Когда объявили день похода, я остановился у доски объявлений и внимательно изучил план лагерных мероприятий, напечатанный на трех полинявших за лето страничках. Нужный мне абзац гласил: «В первом отделении юноши, окружив костер, передают из рук в руки венок, соревнуясь при этом в ловкости и смекалке; во втором отделении – победитель выбирает хозяйку бала; начинается маскарад». Я совсем не хлюпик, но до сих пор единственным видом спорта, где мне по-настоящему удалось блеснуть, были шашки. От доски объявлений я ушел в глубокой задумчивости. Одно было ясно: соревноваться в ловкости и смекалке никто не будет; выбор сделаю я и выберу, кого захочу. То есть понятно кого.

Через несколько дней план был готов. Вечер у Девичьей башни представлялся мне так.

Ночь. Костер догорает. Круг света на траве постепенно бледнеет, и поляна погружается в темноту. Лиц не разобрать, видны только руки и венок, бесшумно скользящий по кромке света, – один виток, второй, третий… И вдруг происходит невероятное: венок срывается вниз и исчезает в густых клубах дыма. Его уже не достать. Люди растерянно сбиваются вокруг костра. Для них праздник закончился. А для меня он только начинается. Я проталкиваюсь вперед, ступаю на раскаленные угли и выхватываю венок из огня. Под каблуком с треском лопается головешка. Искры, взлетая в небо, освещают мое лицо – оно спокойно и безмятежно. Я знаю, все взгляды обращены ко мне. Но массовка мне больше не интересна. Мимо… Мимо… Я иду к ней. Меня переполняет страх и согревает надежда. «Возьми. Это тебе», – говорю я и протягиваю ей венок.

 

Я много об этом думал. По расчетам выходило, что мне понадобится секунд двадцать, от силы тридцать, в худшем случае – если какой-нибудь безумец попытается меня удержать – минута. Резина должна выдержать. Беда заключалась в другом: рука, «случайно» роняющая венок в огонь, была Пашиной, и, где найти другую, я пока не знал.

Из задумчивости меня вывел звук ломающихся веток. Кто-то за моей спиной ломился сквозь кусты. Я собрался было оглянуться, когда совсем другая, злая и вместе с тем приятная мысль заставила меня передумать. Я не только не обернулся, я даже чуточку ускорил шаг. Неизвестный начал отставать, а через минуту я услышал позади прерывающийся знакомый голос.

– Эй, – кричал Паша, – погоди!

Я сделал вид, что не слышу.

– Эй! – неслось мне вдогонку. Я вспомнил, что плана Б у меня нет, и, прислушавшись к голосу разума, сбавил шаг. Паша догнал меня у душевых кабинок. Он взмок и едва дышал.

– Хорошо, – выдохнул он, – бери сапоги. Я согласен.

Ага, должно быть, и он прислушался к голосу разума, не зря все-таки я упомянул математику. Меня так и подмывало сказать что-нибудь поучительное, но времени совсем не было. Деревья закончились. Мы стояли на главной аллее.
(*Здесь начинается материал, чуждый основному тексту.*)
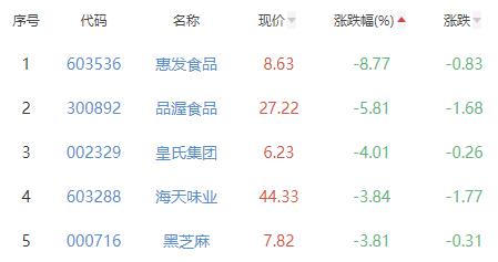 惠发食品、品渥食品、皇氏集团、海天味业、黑芝麻位列涨幅榜后五位,涨幅分别为-8.77%、-5.81%、-4.01%、-3.84%、-3.81%。
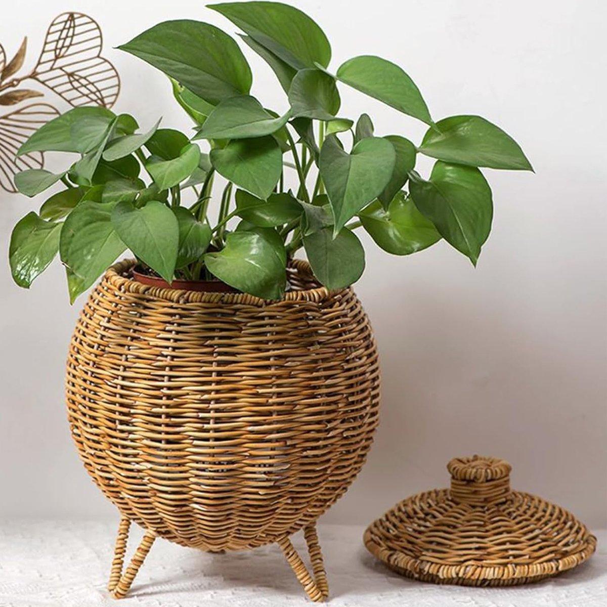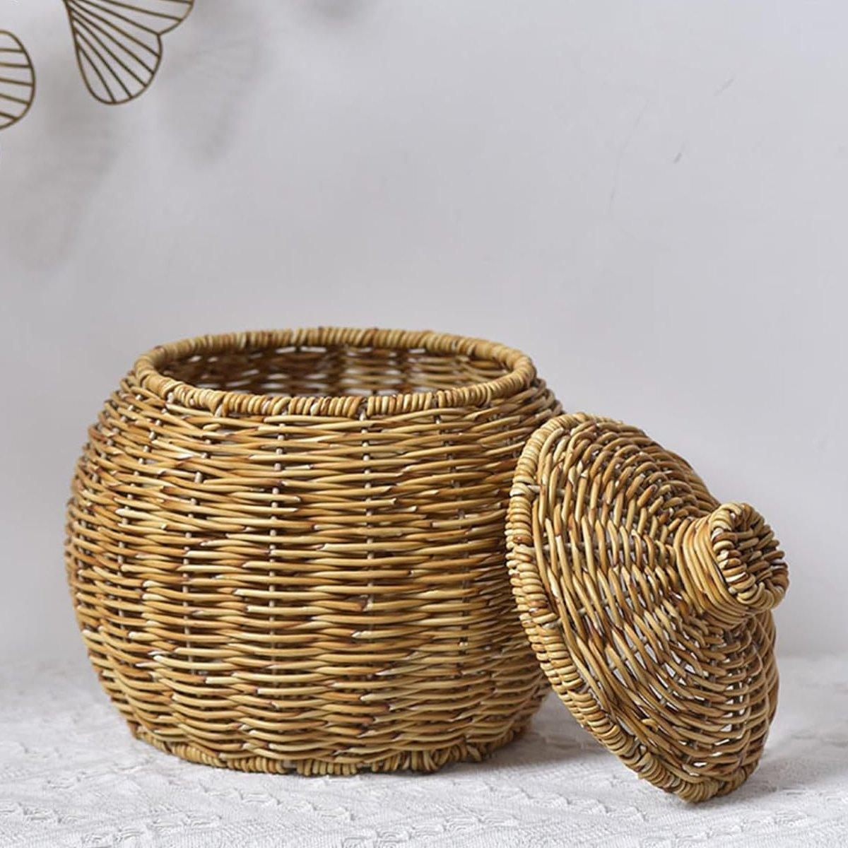 Hand Woven Storage Container with Lid Tabletop Basket Sundries Holder Organizer
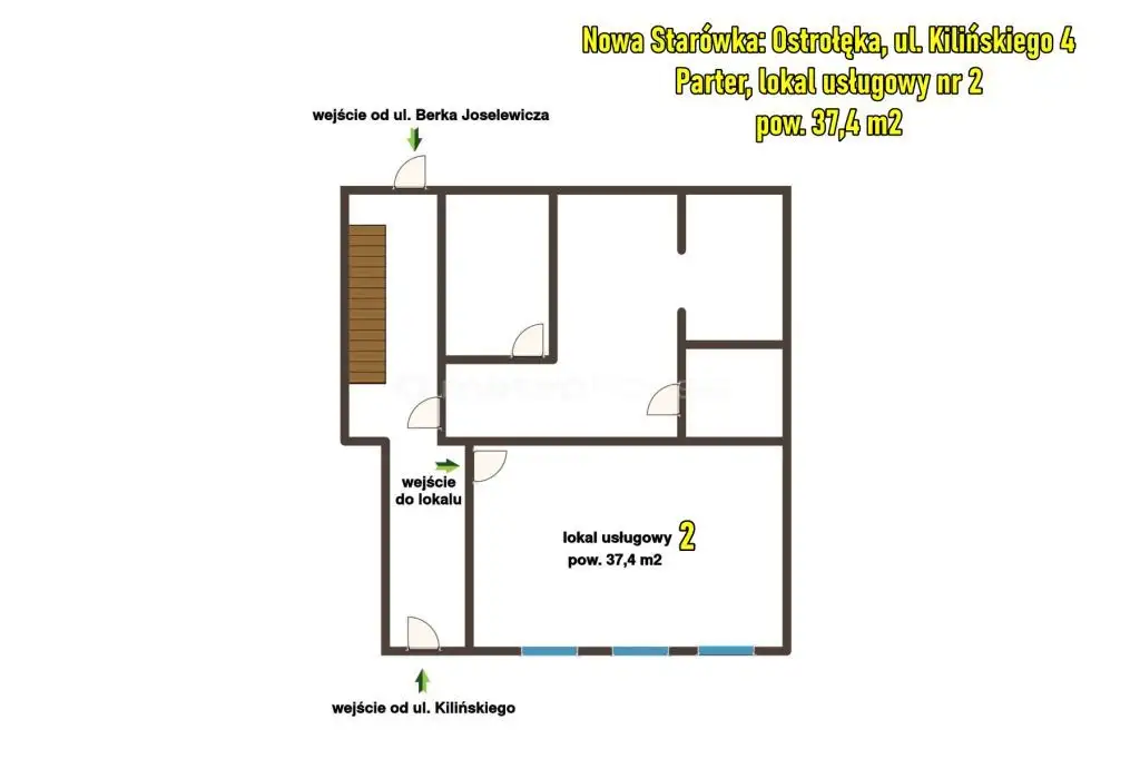 Budynek posiada dwa wejścia od ulic Berka Joselewicza oraz Kilińskiego, co znacząco podnosi funkcjonalność i sprzyja różnym typom działalności.
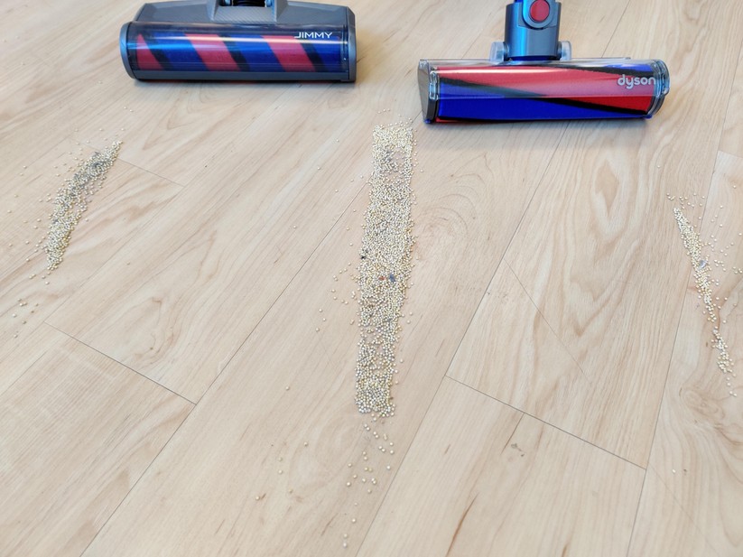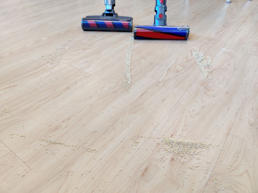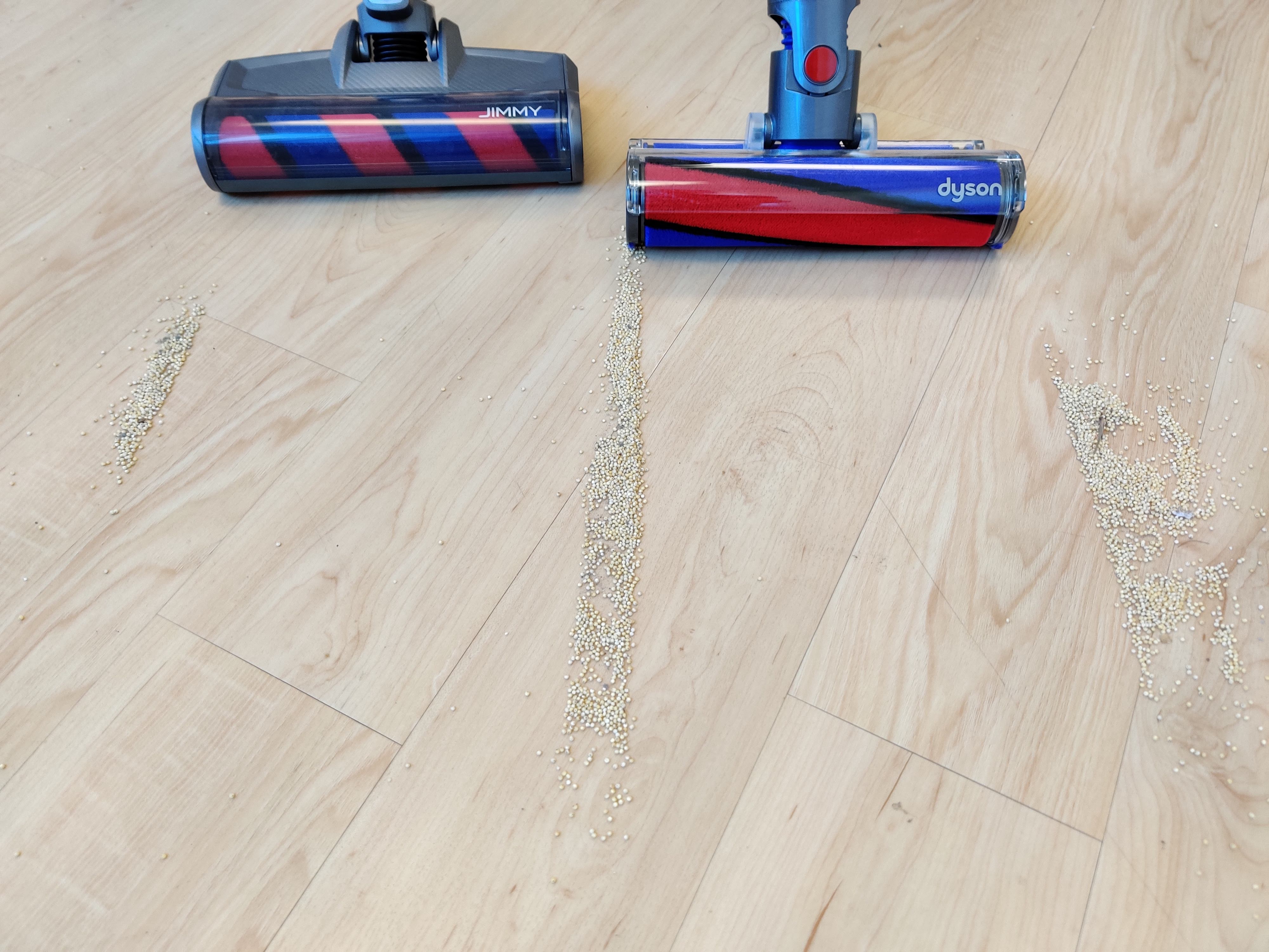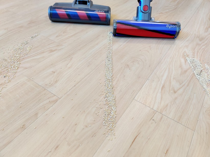 Beim Saugen auf Parkett ist der Unterschied sehr gering, dennoch liegt auch hier der Dyson vor dem Jimmy. Allerdings scheint Dyson viel von der Hirse vor sich herzuschieben und nicht gleich aufzusaugen. Denn nach dem Ausschalten bleibt beim Dyson ein deutliches Hirsehäufchen liegen – das macht Jimmy besser.
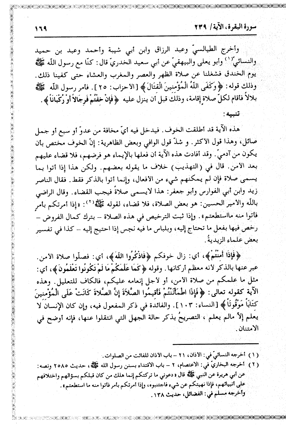 هذه الآية قد أطلقت الخوف. فيدخل فيه أيّ مخافة من عدوّ أو سبع أو جمل صائل، وهذا قول الأكثر. وشذّ قول الوافي وبعض الظاهرية: إنّ الخوف مختص بأن يكون من آدميّ. وقد أفادت هذه الآية أن فعلها بالإيماء هو فرضهم، فلا قضاء عليهم بعد الأمن. قال في (التهذيب) خلاف ما يقوله بعضهم. ولكن هذا إذا أتوا بما يسمى صلاة فإن لم يمكنهم شيء من الأفعال، وإنما أتوا بالذكر فقط. فقال الناصر زيد وابن أبي الفوارس وأبو جعفر: هذا لا يسمى صلاة فيجب القضاء. وقال الراضي بالله والأمير الحسين: هو بعض الصلاة، فلا قضاء،
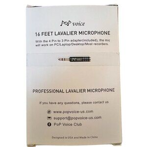 PoP voice 16 Feet Lavalier Microphone for 3.5mm Devices, Android and Camera - Noise Cancelling Lapel Mic TRRS Omni Mic for Phones, TikTok, Video Recording (with a TRS Adapter, 2 Clips and 4 Covers)
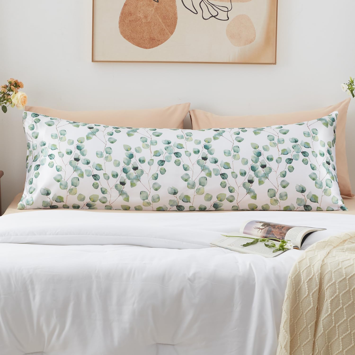 EXQ Home Satin Body Pillow Pillowcase Super Soft Silk Pillowcase, Body Pillow Cover with Envelope Closure Ink Leaf (20"x54")
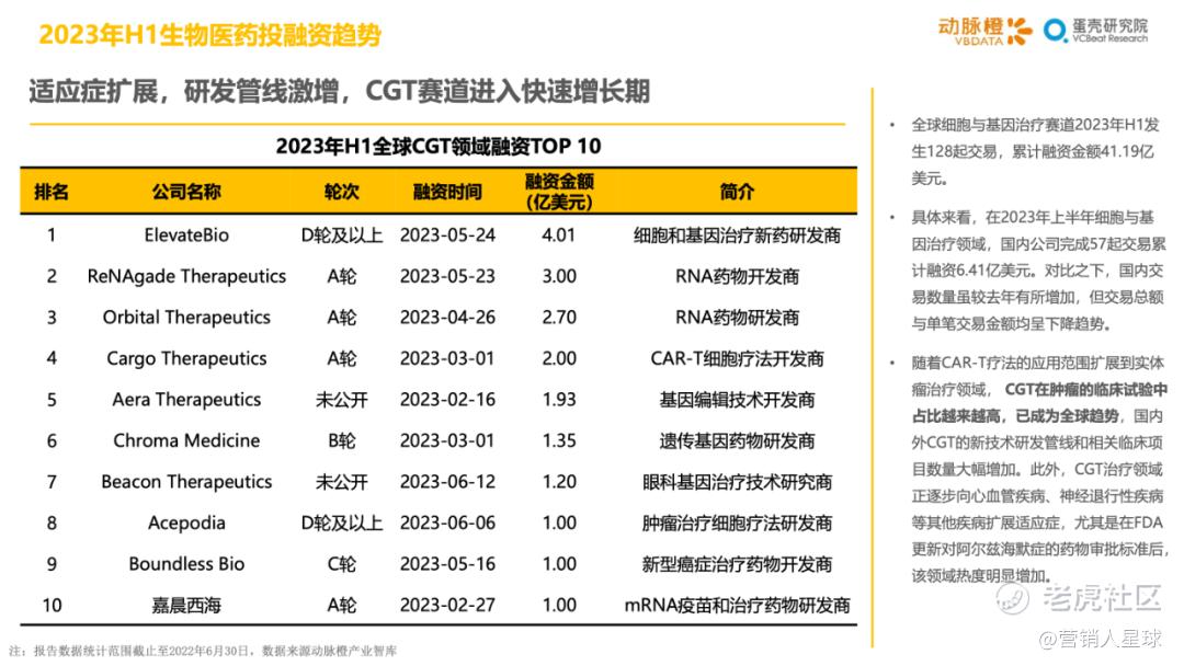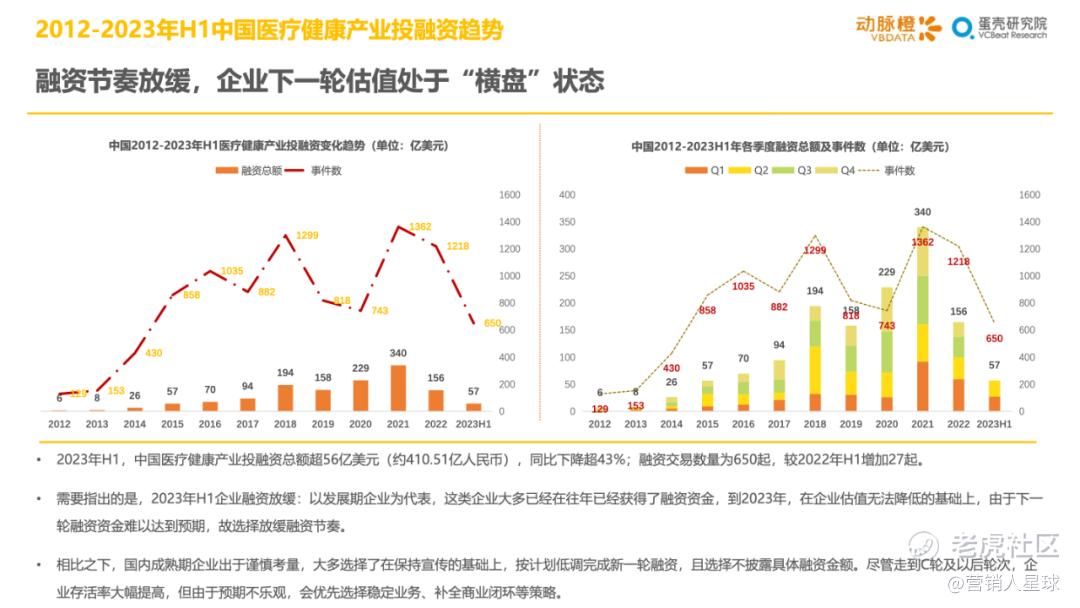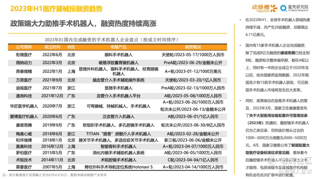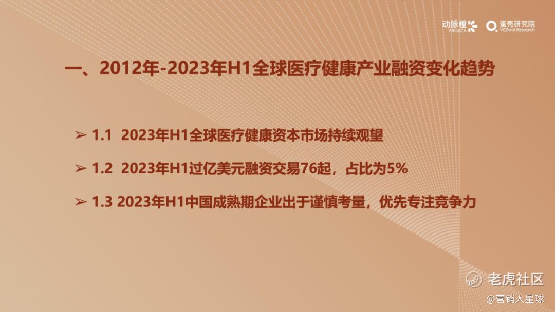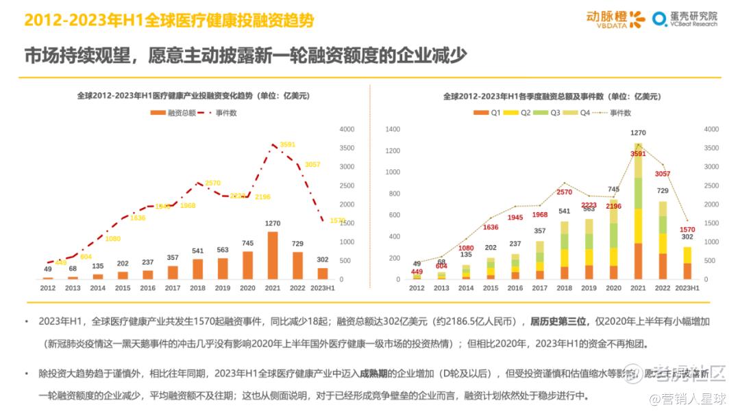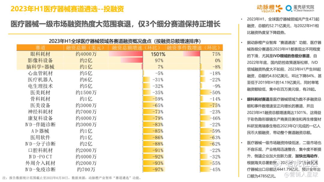 -2023年H1各细分赛道的分化加剧:医疗器械和生物医药产业方面,资金持续聚焦在医疗机器人和CGT技术这类高估值赛道上,其余细分赛道大多衰退明显;数字疗法赛道因南业模式待验证,并受头部企业破产等影响呈现萎靡状态,而AIGC+医疗以技术创新异军突起,显示出较强的短期爆发力
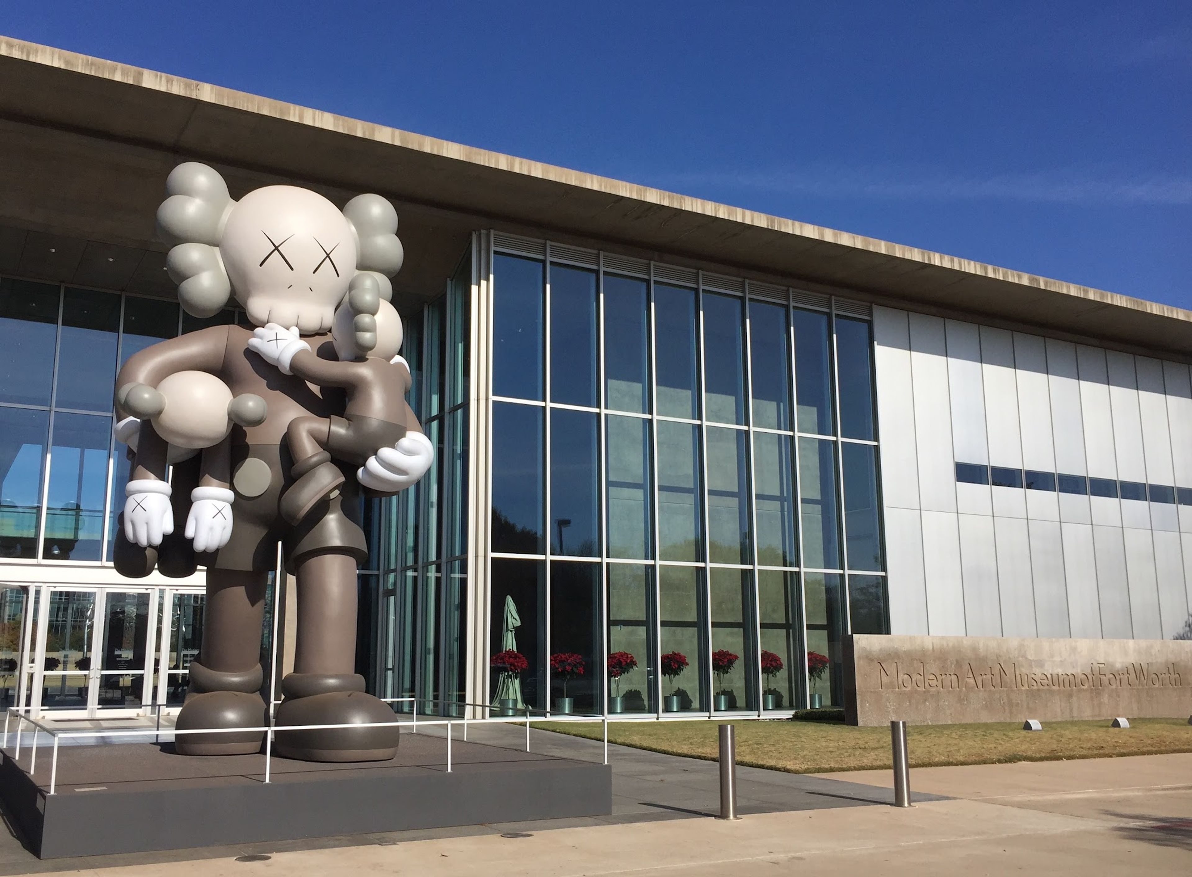 O Museu de Arte Moderna de Fort Worth exibe obras do pós-guerra em um edifício com paredes de concreto e painéis de vidro.

– Значит, сделаем так… – сказал я. – Завтра запишись добровольцем на кухню. Поможешь погрузить продукты в машину, а заодно спрячешь в кузове сапоги.

– А ты?

– Мне лучше пока оставаться в тени.

– А мне, по-твоему, нет? Как я появлюсь с резиновыми сапогами на кухне? Знаешь, сколько там будет народу?

– Обмотай их во что-нибудь, положи в кастрюлю и скажи, что несешь ложки с вилками.

– Ты серьезно? Какие вилки и кто мне кастрюлю даст?

– Хорошо, тогда не кастрюлю. Найди что-нибудь… да хоть вот эту штуковину… – я показал на стоящее под скамейкой ведро. – Смотри, тут даже надпись есть. Скажешь шоферу, что тебя прислало начальство. Дескать, не знаю, что там, просили не открывать.

Впереди показались знакомая красная крыша и кусок кирпичной стены. Мы почти пришли. Вдруг Паша сильно толкнул меня в бок и пробормотал, уставясь себе под ноги:

– Слева по курсу… Только не пялься, не пялься. Они на нас смотрят.

Я прошел вперед и через несколько шагов, уже сворачивая на тропинку, незаметно оглянулся. За спиной осталась уходящая вдаль аллея и неприметная лавочка, наполовину укрытая кустами. На лавочке сидели две девчонки и шептались о чем-то, провожая нас взглядами.

– Видел? – спросил Паша, как только скамейка скрылась из вида. – Интересуются, между прочим.

Почему-то я сразу заподозрил в его словах угрозу моему плану и резко спросил:

– Чем интересуются?

Паша хохотнул.

– Ни чем, а кем. Нами, старик, нами. Одна особенно. Спрашивала, почему мы на танцы не ходим. Как они тебе? Приятненькие такие карасики.

– Ах, это? – успокаиваясь, сказал я. – Ты вот что, в кузове выбери место понадежнее. Машину трясет на ухабах.

– Да не волнуйся ты так, – перебил Паша. – Я что думаю: девочки на вид симпатичные, а в голове небось одна пудра и шуры-муры. Если бы мы захотели…

– И кстати, только что вспомнил. Носки… Как у тебя с носками?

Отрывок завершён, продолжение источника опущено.